Unlike the previous book, which was solely narrated by Jane, this book alternates chapters between Jane and Katherine, which I liked - Katherine in this book rises from major secondary character to full-blown deuteragonist. Still, let's talk about Jane first. Remember what I was saying last time, about how your protagonist doesn't have to be a saint? I feel like Jane in this book is a good reflection of that. Per the first book, she was always blunt, practical, and no-nonsense, but after the fall of the town they were in, losing her lover, and surviving a shambler bite, Jane becomes 'the Devil's Bride', a legendary bounty hunter with a twisted sense of justice. She makes no secret of the fact that she prefers to deliver her bounties dead, and they aren't exactly in the best condition before she dispatches them. She drives people away because of her all-encompassing need for revenge. And yet, we as the audience have been with her for one and a half books at this point. We've grown to know and love her, and to understand what she's been through and why she becomes the person that she becomes in this book. So while her actions are less than ethical, we understand why she is doing them, and as such, she retains our sympathies. Which is a hard line to walk! It was entirely possible that Jane could have tipped over into being unlikeable here, but she doesn't, she keeps her charm and her wit and her charisma even when she's hit rock bottom. It's some neat writing.
Meanwhile, Katherine gets narration for the first time here, and I really liked seeing her perspective. She interested me in the first book - a girl who can pass as white, who is nonetheless in danger from the racism endemic to this setting. She's prim and proper, but that's partially her training as an Attendant and partially a sort of respectability politics - she can be seen as being respectable, unlike Jane whose dark skin leads her to be dismissed by white society, and so she uses politeness and 'decency' as a shield. It's her armour, the same way that Jane's blunt and abrasive personality is her armour. Katherine walks a fine balance between trying to temper Jane's harshness and trying not to let herself go the same way, keep hold of all she knows herself to be in the face of immense trials. She reveals a bit more about herself; she's from New Orleans, the daughter of a sex worker who wanted nothing more than to be out of that environment. Now she's a killer of the undead, but she wants a quiet, settled life. In the turmoil that is the zombie-ridden US, who can blame her? She makes a perfect foil for Jane, just as stubborn and pig-headed but in a different direction, and she's very easy to love.

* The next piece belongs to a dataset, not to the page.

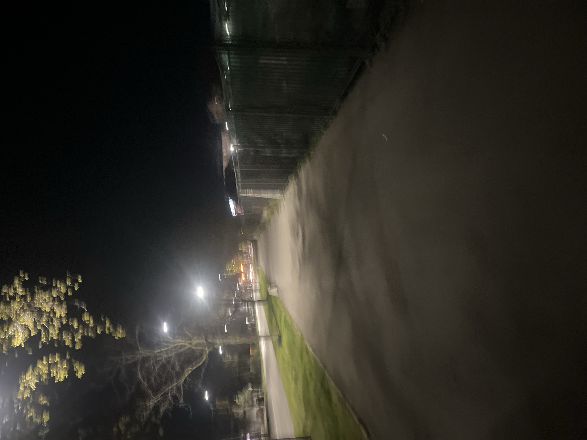 The image depicts a nighttime scene, likely a park or pedestrian walkway, in Montana, Bulgaria. A paved path extends into the distance, flanked by a grassy area on one side and a tall metal fence or barrier on the other. Streetlights illuminate the path, creating pools of light interspersed with shadow. In the lower left, a tree with sparse foliage is visible. The sky is dark, and the overall impression is one of urban isolation at night. There are no people visible in the frame.

This setting continues to be intriguing. We see how racist myths perpetuate despite all common sense to the contrary - Jane often remarks that white people love to say that black people are immune to the zombie virus, a clear echo of the 'black people have higher pain tolerance' myth of the real world. There's a very credible sense of survival being scratched out on the margins, of the desperation as our heroes run from town to town trying to stay ahead of the hoardes. And the consequences for any missteps are severe. Jackson (spoiler!) dies on the road, and while Jane's shambler bite doesn't lead to her death thanks to the vaccine, she does lose an arm and struggles for the rest of the book to accommodate the injury. She isn't helpless, but there's still a realistic fallout from it. Characters come and go, alliances are formed and broken, and midway through the book there is a very effective year-and-a-half timeskip so we can see what time and tide have done to these girls. One thing I thought was a particularly nice touch was that the intro to Jane's chapters in the first half were always a Shakespeare quote, whereas Katherine quotes from scripture. In the second half, both use quotes from in-universe survival guides to the West. It's a neat little device that subtly shows their shifting attitudes and priorities. But in all, really enjoyed this book, and if there's any more I'd love to see it.
Next, a man out of time learns to adjust - with some help, of course.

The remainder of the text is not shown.